:: RECORDED DATA
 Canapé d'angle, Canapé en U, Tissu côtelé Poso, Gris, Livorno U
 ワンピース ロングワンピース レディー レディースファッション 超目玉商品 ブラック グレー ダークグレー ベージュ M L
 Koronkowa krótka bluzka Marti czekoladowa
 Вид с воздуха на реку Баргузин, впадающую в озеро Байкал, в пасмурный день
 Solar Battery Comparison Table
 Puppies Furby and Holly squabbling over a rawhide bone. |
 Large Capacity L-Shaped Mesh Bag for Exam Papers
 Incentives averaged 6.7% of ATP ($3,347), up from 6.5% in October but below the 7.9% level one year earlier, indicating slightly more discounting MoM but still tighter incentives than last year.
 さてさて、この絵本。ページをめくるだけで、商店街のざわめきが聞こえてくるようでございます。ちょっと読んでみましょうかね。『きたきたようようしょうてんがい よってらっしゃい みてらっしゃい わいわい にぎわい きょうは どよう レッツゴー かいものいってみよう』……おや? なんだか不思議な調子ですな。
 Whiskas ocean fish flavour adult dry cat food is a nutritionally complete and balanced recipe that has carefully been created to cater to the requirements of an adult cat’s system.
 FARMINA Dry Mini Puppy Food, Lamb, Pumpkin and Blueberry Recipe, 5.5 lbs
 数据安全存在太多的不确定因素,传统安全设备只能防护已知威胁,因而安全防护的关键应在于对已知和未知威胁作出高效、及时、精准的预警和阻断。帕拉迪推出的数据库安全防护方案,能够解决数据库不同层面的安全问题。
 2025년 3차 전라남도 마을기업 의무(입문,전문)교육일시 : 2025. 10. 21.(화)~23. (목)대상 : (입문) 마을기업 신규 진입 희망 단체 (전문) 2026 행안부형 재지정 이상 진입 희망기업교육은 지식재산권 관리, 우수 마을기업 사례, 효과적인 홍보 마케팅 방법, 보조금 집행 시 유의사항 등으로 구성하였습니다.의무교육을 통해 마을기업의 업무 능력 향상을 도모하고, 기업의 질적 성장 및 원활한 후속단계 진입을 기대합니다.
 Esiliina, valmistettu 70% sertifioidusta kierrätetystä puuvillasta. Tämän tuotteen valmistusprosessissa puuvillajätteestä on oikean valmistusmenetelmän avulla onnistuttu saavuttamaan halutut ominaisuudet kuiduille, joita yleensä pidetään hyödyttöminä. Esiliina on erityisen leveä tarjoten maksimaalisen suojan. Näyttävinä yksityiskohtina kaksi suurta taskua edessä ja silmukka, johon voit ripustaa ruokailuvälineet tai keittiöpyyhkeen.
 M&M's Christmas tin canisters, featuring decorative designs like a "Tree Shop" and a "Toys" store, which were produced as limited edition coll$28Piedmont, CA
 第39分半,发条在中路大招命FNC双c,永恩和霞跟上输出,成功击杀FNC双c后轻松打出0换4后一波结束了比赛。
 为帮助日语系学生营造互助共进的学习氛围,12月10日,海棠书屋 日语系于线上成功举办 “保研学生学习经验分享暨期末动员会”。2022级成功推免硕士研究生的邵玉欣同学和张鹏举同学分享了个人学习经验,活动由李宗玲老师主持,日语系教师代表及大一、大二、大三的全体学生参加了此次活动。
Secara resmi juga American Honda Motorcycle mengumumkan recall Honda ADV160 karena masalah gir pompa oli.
::::
**PROBLEM REQUIREMENTS:** Restate the records in full, keeping every word as it is.

**RESPONSE:**
 Canapé d'angle, Canapé en U, Tissu côtelé Poso, Gris, Livorno U
 ワンピース ロングワンピース レディー レディースファッション 超目玉商品 ブラック グレー ダークグレー ベージュ M L
 Koronkowa krótka bluzka Marti czekoladowa
 Вид с воздуха на реку Баргузин, впадающую в озеро Байкал, в пасмурный день
 Solar Battery Comparison Table
 Puppies Furby and Holly squabbling over a rawhide bone. |
 Large Capacity L-Shaped Mesh Bag for Exam Papers
 Incentives averaged 6.7% of ATP ($3,347), up from 6.5% in October but below the 7.9% level one year earlier, indicating slightly more discounting MoM but still tighter incentives than last year.
 さてさて、この絵本。ページをめくるだけで、商店街のざわめきが聞こえてくるようでございます。ちょっと読んでみましょうかね。『きたきたようようしょうてんがい よってらっしゃい みてらっしゃい わいわい にぎわい きょうは どよう レッツゴー かいものいってみよう』……おや? なんだか不思議な調子ですな。
 Whiskas ocean fish flavour adult dry cat food is a nutritionally complete and balanced recipe that has carefully been created to cater to the requirements of an adult cat’s system.
 FARMINA Dry Mini Puppy Food, Lamb, Pumpkin and Blueberry Recipe, 5.5 lbs
 数据安全存在太多的不确定因素,传统安全设备只能防护已知威胁,因而安全防护的关键应在于对已知和未知威胁作出高效、及时、精准的预警和阻断。帕拉迪推出的数据库安全防护方案,能够解决数据库不同层面的安全问题。
 2025년 3차 전라남도 마을기업 의무(입문,전문)교육일시 : 2025. 10. 21.(화)~23. (목)대상 : (입문) 마을기업 신규 진입 희망 단체 (전문) 2026 행안부형 재지정 이상 진입 희망기업교육은 지식재산권 관리, 우수 마을기업 사례, 효과적인 홍보 마케팅 방법, 보조금 집행 시 유의사항 등으로 구성하였습니다.의무교육을 통해 마을기업의 업무 능력 향상을 도모하고, 기업의 질적 성장 및 원활한 후속단계 진입을 기대합니다.
 Esiliina, valmistettu 70% sertifioidusta kierrätetystä puuvillasta. Tämän tuotteen valmistusprosessissa puuvillajätteestä on oikean valmistusmenetelmän avulla onnistuttu saavuttamaan halutut ominaisuudet kuiduille, joita yleensä pidetään hyödyttöminä. Esiliina on erityisen leveä tarjoten maksimaalisen suojan. Näyttävinä yksityiskohtina kaksi suurta taskua edessä ja silmukka, johon voit ripustaa ruokailuvälineet tai keittiöpyyhkeen.
 M&M's Christmas tin canisters, featuring decorative designs like a "Tree Shop" and a "Toys" store, which were produced as limited edition coll$28Piedmont, CA
 第39分半,发条在中路大招命FNC双c,永恩和霞跟上输出,成功击杀FNC双c后轻松打出0换4后一波结束了比赛。
 为帮助日语系学生营造互助共进的学习氛围,12月10日,海棠书屋 日语系于线上成功举办 “保研学生学习经验分享暨期末动员会”。2022级成功推免硕士研究生的邵玉欣同学和张鹏举同学分享了个人学习经验,活动由李宗玲老师主持,日语系教师代表及大一、大二、大三的全体学生参加了此次活动。
Secara resmi juga American Honda Motorcycle mengumumkan recall Honda ADV160 karena masalah gir pompa oli.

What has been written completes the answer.